__WHAT NEEDS TO BE DONE__
In the records below, the lines between the one holding "Topsing T-6698 New" and the one holding "Pentru o curatare", inclusive, are to be transcribed exactly; no pictures are to be included.

__DATA SECTION__
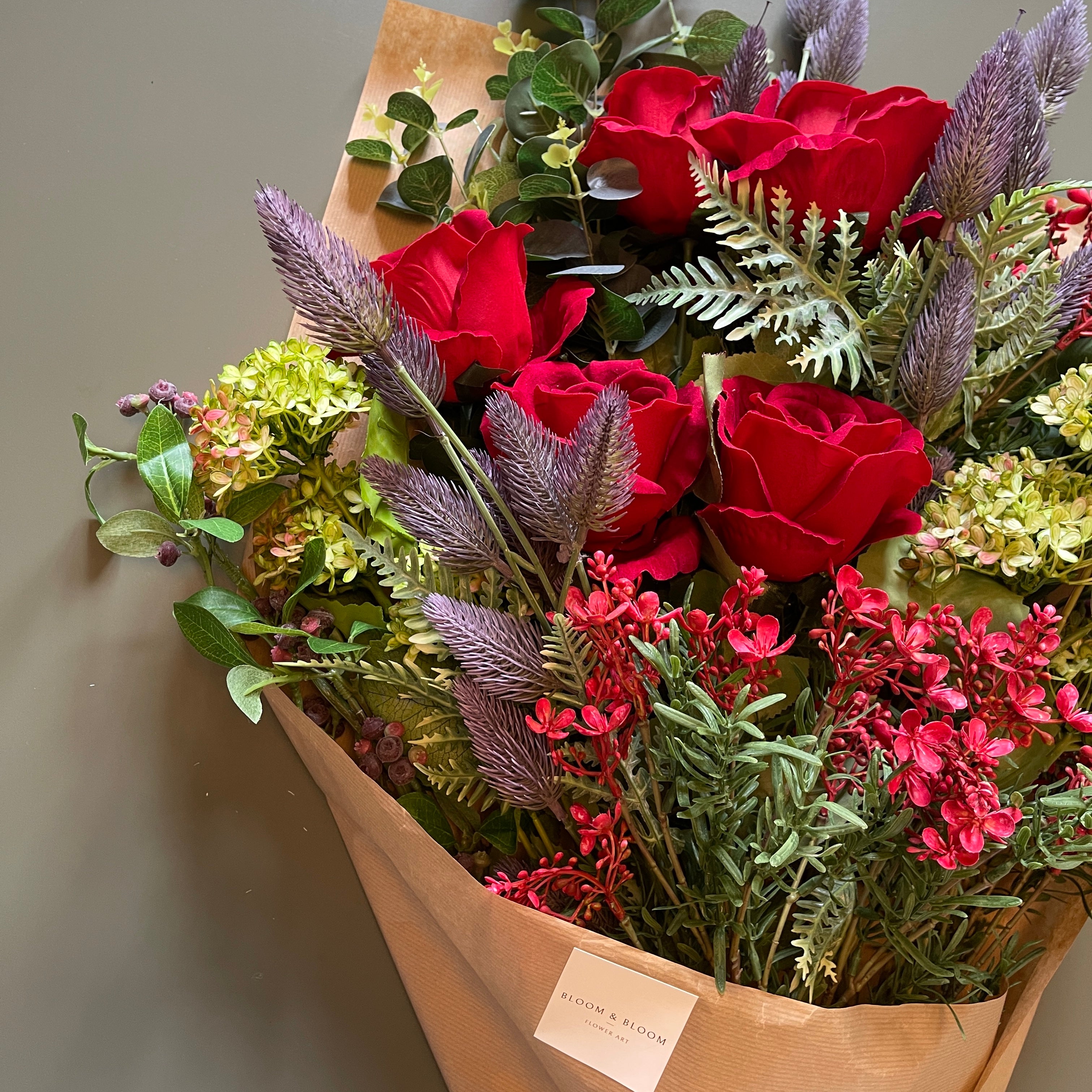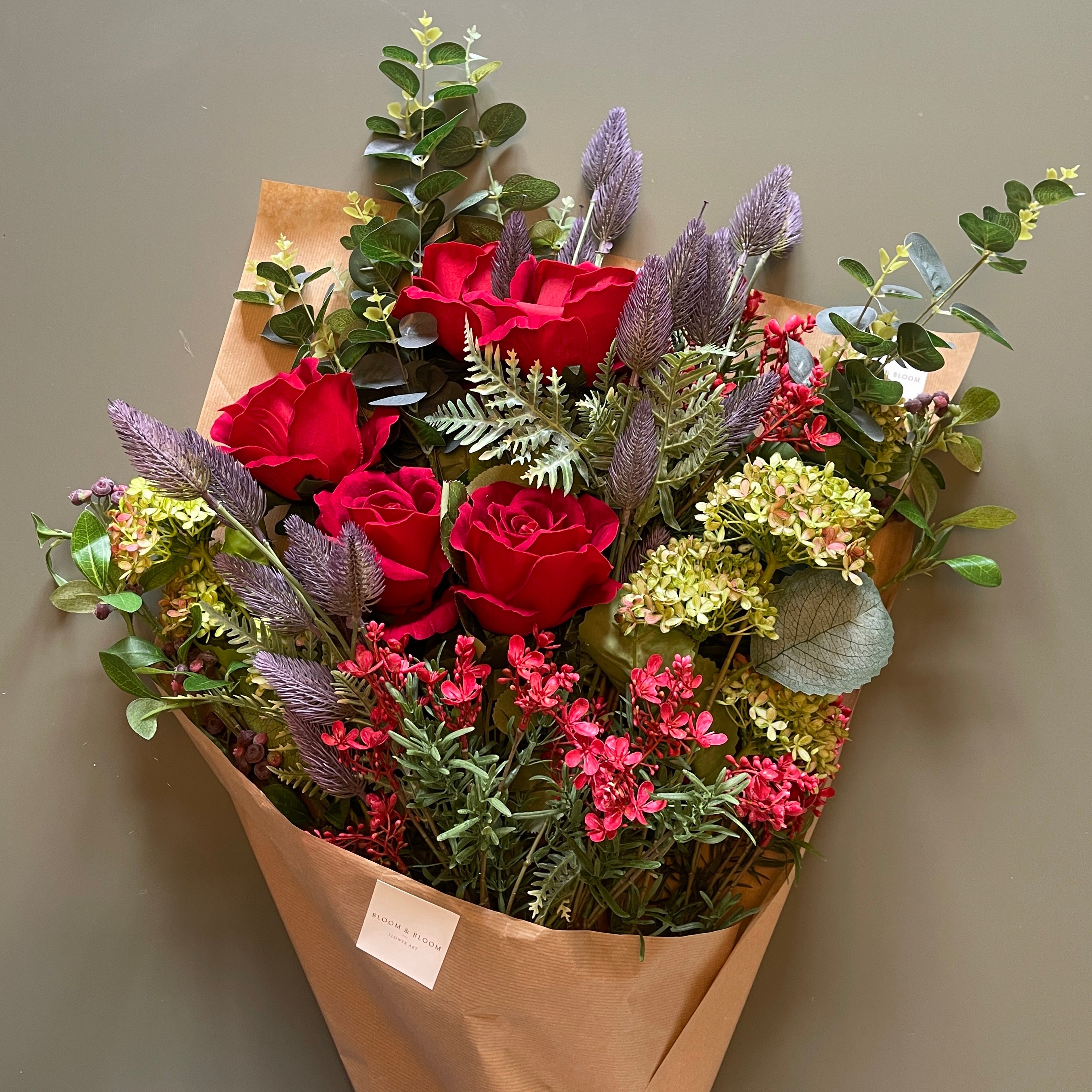 Rich, sultry and effortlessly cool. Elizabeth is a statement arrangement full of depth and drama. Featuring velvety red roses, dusky eucalyptus, soft broom broom and viburnum, it's laced with hints of purple and lush greenery for a bold moody edge. Available in both 20 and 40 stems.
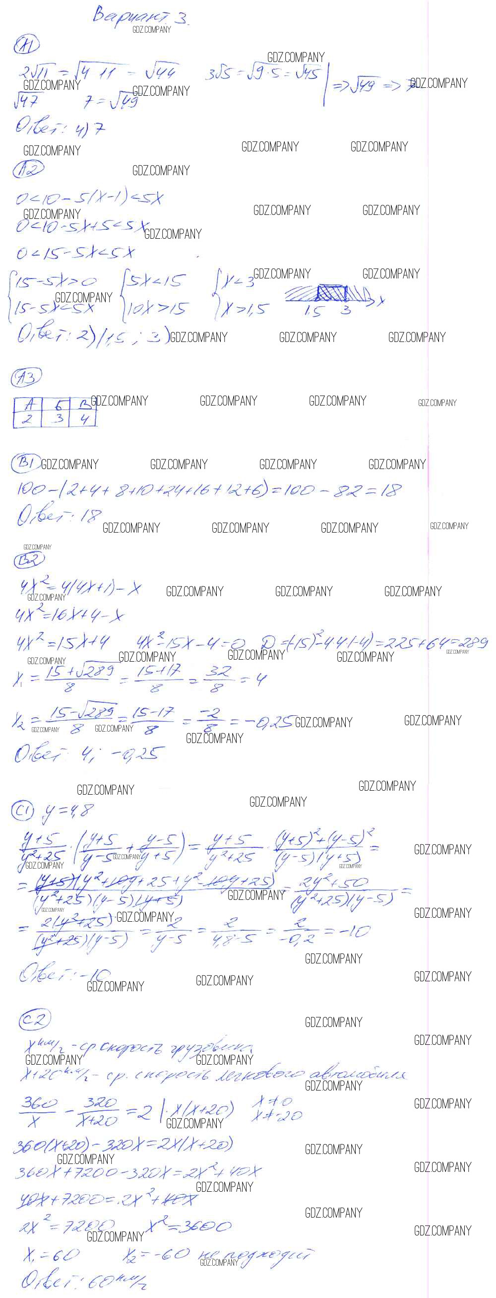 Здесь готовые ответы по Алгебре за 8 (восьмой) класс от Глазков, Гаиашвили Самостоятельные и контрольные работы УМК (издательство: Экзамен от 2012 г.) № 3
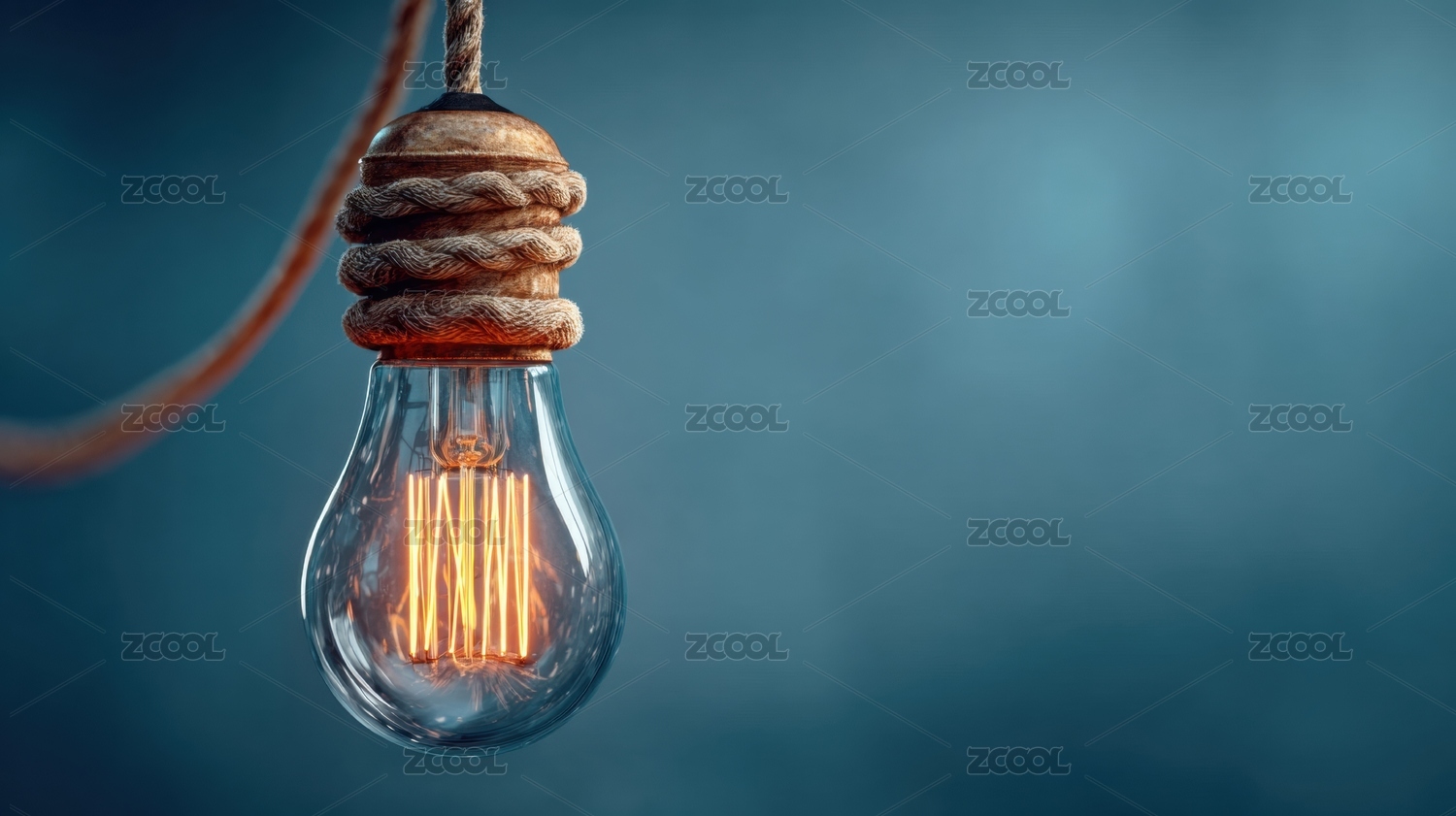 悬挂的透明灯泡发出温暖光芒
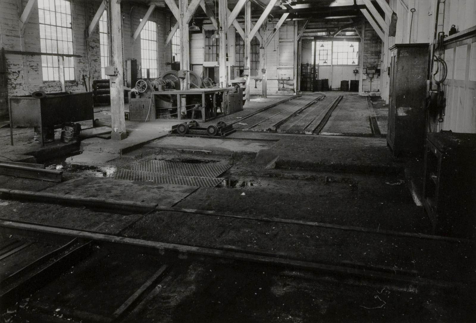Op bruin papier geplakte zwart-witfoto van een werkplaats in Utrecht. In het midden van de foto is een blootliggende pijp te zien, die bijna geheel is opgegraven. De ruimte heeft een zandvloer. Rechts op de foto is een kuil in het zand te zien. Onder de foto is met een zwarte pen de titel 'Werkplaats Utrecht' geschreven. Ook is met zwarte pen het voormalige objectnummer 3763 onder de foto geschreven.
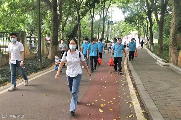 人员集合拍合影,宽广的旗峰正门广场上,统一穿工衣的合昌人,也是一道亮丽的风景。
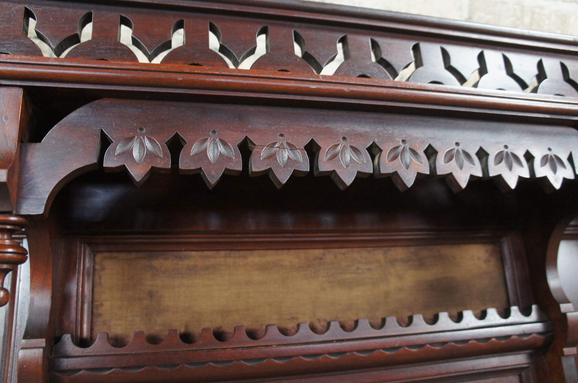 An antique Victorian backsplash. Made from walnut with pierced and carved backsplash with a turned column support. This piece most likely came from an old pump organ, but works well with the right sized buffet, sideboard or server.
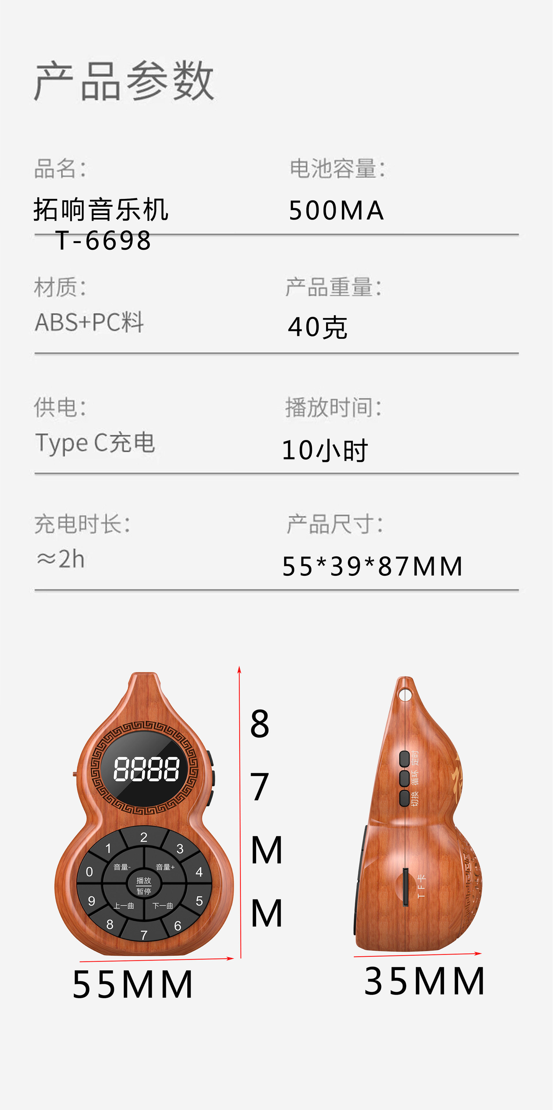 Topsing T-6698 New Hulu Bluetooth Music Player Broadcast Recorder Music Machine Mini Portable Insertable Card
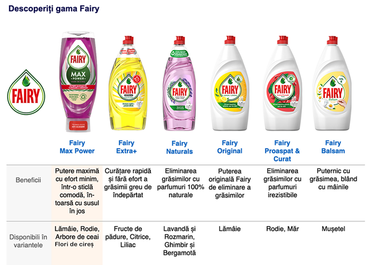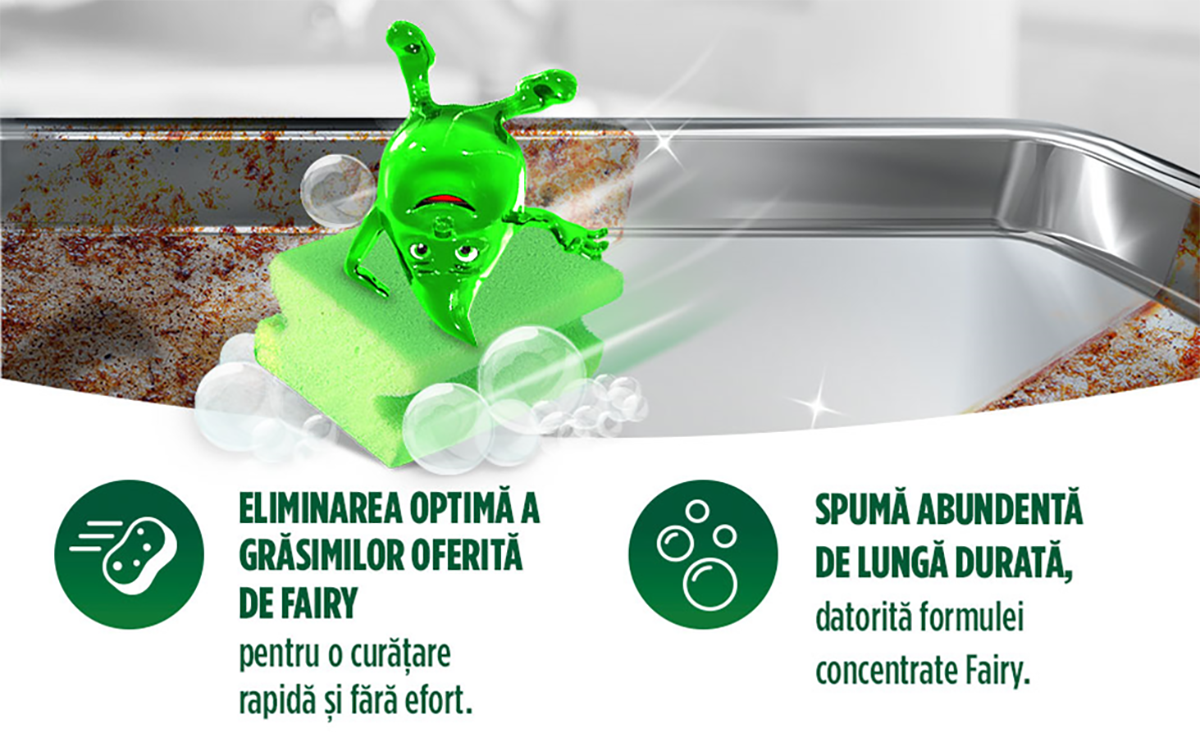 Pentru o curatare impecabila, Fairy indeparteaza grasimea si murdaria dificila, asigurand o spalare rapida. O singura picatura creeaza spuma suficienta pentru ca vasele sa fie curate si impecabile.
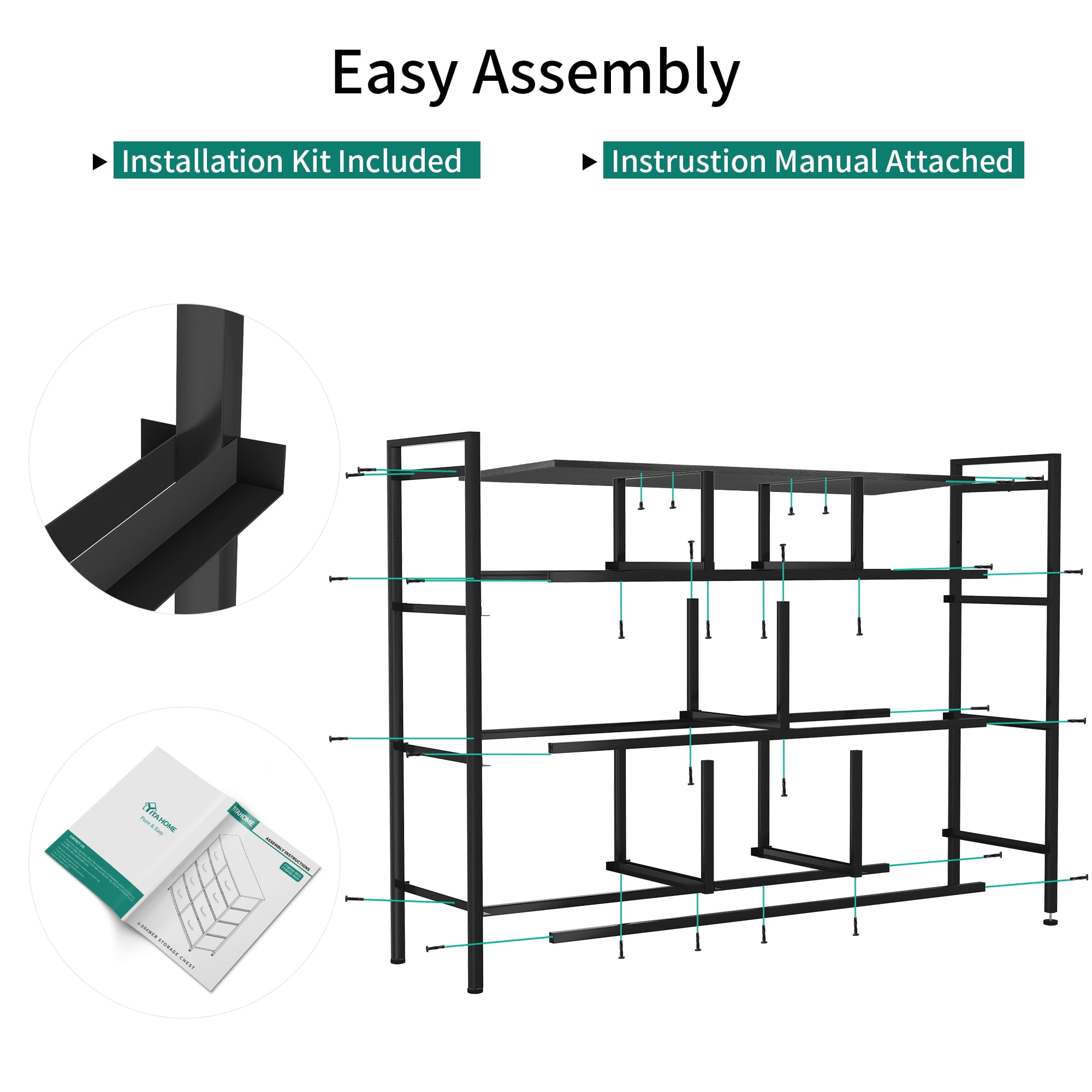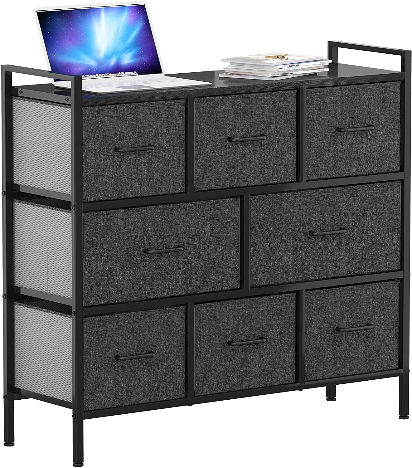 YITAHOME Dresser with 8 Drawers Simplify your lifestyle Organize your home with our premium storage drawer. Use it to teach your children how to manage their stuff. Trust YITAHOME to help you create a relaxing, organized life. Made with a powerful metal frame and durable MDF wooden top; contains 8 removable and foldable drawers with easy-to-pull metal handles; features 4 adjustable plastic legs that prevent scratches to your floor. Specification: Material: Non-Woven Synthetic Fabric, MDF, Steel, Plastic Drawers:8 Color: Black Gray Package Includes: 8 drawer storage chest Assembling hardware kits

__ANSWER BELOW__
 Topsing T-6698 New Hulu Bluetooth Music Player Broadcast Recorder Music Machine Mini Portable Insertable Card
 Pentru o curatare impecabila, Fairy indeparteaza grasimea si murdaria dificila, asigurand o spalare rapida. O singura picatura creeaza spuma suficienta pentru ca vasele sa fie curate si impecabile.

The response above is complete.